• **Task objective**
Using the records below, transcribe word for word the stretch from the line that contains "After your FAFSA" through the line that contains "Ein etwa 2,5", both end lines included, and nothing else.

• **Supplied material**
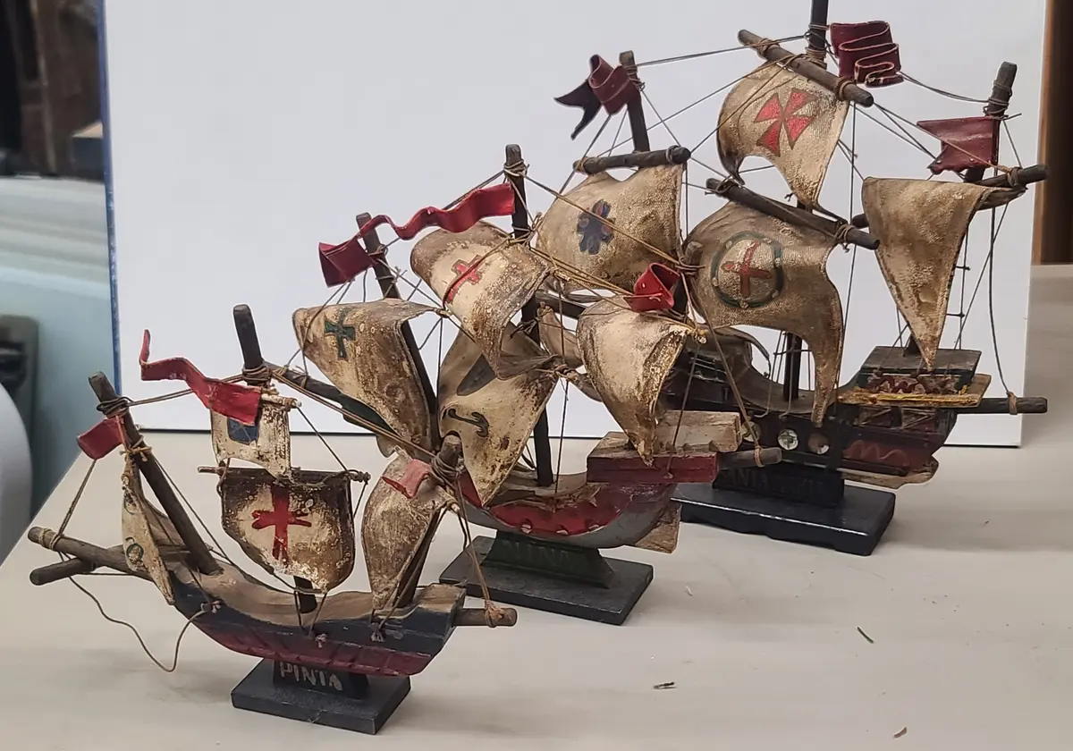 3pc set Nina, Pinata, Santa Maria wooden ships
...
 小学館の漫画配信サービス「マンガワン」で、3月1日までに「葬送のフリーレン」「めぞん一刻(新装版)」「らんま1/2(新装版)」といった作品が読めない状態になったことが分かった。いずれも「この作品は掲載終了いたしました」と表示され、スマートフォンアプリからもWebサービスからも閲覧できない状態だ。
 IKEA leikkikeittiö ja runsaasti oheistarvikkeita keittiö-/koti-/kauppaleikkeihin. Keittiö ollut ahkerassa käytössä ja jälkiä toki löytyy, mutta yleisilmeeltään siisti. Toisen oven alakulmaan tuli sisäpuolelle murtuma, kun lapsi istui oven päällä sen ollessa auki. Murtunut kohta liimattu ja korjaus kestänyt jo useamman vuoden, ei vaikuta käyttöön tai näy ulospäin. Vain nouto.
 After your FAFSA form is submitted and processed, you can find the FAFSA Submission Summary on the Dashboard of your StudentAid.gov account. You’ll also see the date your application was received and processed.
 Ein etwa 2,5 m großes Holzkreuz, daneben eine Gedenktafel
---
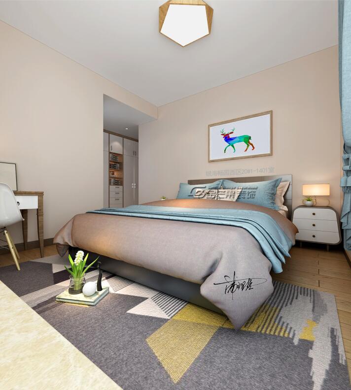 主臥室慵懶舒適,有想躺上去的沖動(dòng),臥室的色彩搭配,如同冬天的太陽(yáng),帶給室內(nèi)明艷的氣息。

• **Response to this task**
 After your FAFSA form is submitted and processed, you can find the FAFSA Submission Summary on the Dashboard of your StudentAid.gov account. You’ll also see the date your application was received and processed.
 Ein etwa 2,5 m großes Holzkreuz, daneben eine Gedenktafel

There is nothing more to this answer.